FIG. 1 is a circuit diagram of a first embodiment of the present invention, FIG. 2 is a block diagram thereof, FIG.
FIG. 4 is a circuit diagram of a second embodiment of claim 1, FIG. 5 is a circuit diagram of a first embodiment of the present invention, FIG. 6 is a block diagram thereof, and FIG. FIG. 8 is a block diagram thereof, FIG. 9 is a circuit diagram of a third embodiment of claim 2, FIG. 10 is a circuit diagram of a fourth embodiment of claim 2, FIG. FIGS. 12 and 13 are circuit diagrams of the first and second embodiments of the present invention, FIG. 14 is a circuit diagram of a conventional example, and FIG. 15 is a block diagram thereof.

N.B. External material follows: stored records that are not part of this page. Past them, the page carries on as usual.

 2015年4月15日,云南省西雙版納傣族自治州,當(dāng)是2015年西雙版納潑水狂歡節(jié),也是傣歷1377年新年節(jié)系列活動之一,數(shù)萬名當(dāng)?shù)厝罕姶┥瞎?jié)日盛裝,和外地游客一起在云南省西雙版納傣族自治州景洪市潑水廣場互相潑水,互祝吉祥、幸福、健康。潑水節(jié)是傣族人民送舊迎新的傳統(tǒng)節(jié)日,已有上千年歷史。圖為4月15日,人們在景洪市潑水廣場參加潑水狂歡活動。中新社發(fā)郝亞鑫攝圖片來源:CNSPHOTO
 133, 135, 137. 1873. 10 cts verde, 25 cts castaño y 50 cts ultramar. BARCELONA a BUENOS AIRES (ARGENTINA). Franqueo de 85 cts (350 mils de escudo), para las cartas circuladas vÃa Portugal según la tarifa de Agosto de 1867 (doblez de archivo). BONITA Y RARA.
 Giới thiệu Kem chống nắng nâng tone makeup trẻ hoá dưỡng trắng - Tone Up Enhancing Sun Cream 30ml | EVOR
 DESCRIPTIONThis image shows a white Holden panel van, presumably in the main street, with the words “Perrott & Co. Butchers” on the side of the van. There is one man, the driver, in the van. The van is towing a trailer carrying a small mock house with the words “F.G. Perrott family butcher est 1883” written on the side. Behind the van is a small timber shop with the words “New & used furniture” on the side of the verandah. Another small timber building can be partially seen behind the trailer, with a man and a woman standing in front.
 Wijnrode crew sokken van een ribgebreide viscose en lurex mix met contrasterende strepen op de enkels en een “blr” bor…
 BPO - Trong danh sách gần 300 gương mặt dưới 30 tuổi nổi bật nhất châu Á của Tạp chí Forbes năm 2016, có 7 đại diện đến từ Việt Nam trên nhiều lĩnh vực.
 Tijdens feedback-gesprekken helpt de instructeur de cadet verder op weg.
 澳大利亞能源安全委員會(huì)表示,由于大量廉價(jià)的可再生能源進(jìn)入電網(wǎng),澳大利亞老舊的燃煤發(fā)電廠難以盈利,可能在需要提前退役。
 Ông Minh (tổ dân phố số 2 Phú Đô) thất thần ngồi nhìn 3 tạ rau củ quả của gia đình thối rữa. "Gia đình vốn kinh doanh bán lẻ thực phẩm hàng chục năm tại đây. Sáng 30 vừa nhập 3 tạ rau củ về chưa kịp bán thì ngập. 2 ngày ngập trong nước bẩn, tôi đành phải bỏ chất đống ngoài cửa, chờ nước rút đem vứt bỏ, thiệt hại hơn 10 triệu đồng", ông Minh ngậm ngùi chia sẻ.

It is. [Explanation of Symbols] 1,13 Switch circuit 2,14 Signal amplitude regulator 3,12 Level shift circuit 4 Output driver circuit 5 Bias current limiting circuit 11 Buffer receiving TTL input

Claims (3)

(57) [Claims] 1. A binary logic signal having a low-level potential higher than a first low-potential voltage source VSS at its input and a high-level potential lower than the voltage source VSS. A level conversion circuit for converting the input signal into a digital signal having the following.
(B) A signal amplitude regulator in which the voltage at both ends becomes almost VSS when the input signal is at a high level and becomes higher by a certain voltage than VSS when the input signal is at a low level, in series,
Connected between the high potential voltage source VCC and the voltage source VSS,
(C) an input side of a level shift circuit that is arranged between the voltage source VCC and a second low-potential voltage source VEE whose potential is lower than the voltage source VSS and shifts the level of a signal by a constant voltage value; An output terminal of the signal amplitude regulator, and (d) an output of the level shift circuit is input to a driver circuit, and an output is taken out from the driver circuit. 2. A bias current limiting circuit comprising a resistor or a constant current circuit is connected between the high potential voltage source VCC according to claim 1 and a switch circuit or between the switch circuit and a signal amplitude regulator. A level conversion circuit characterized in that: 3. A level conversion circuit, wherein the signal amplitude regulator according to claim 2 is replaced by a resistor.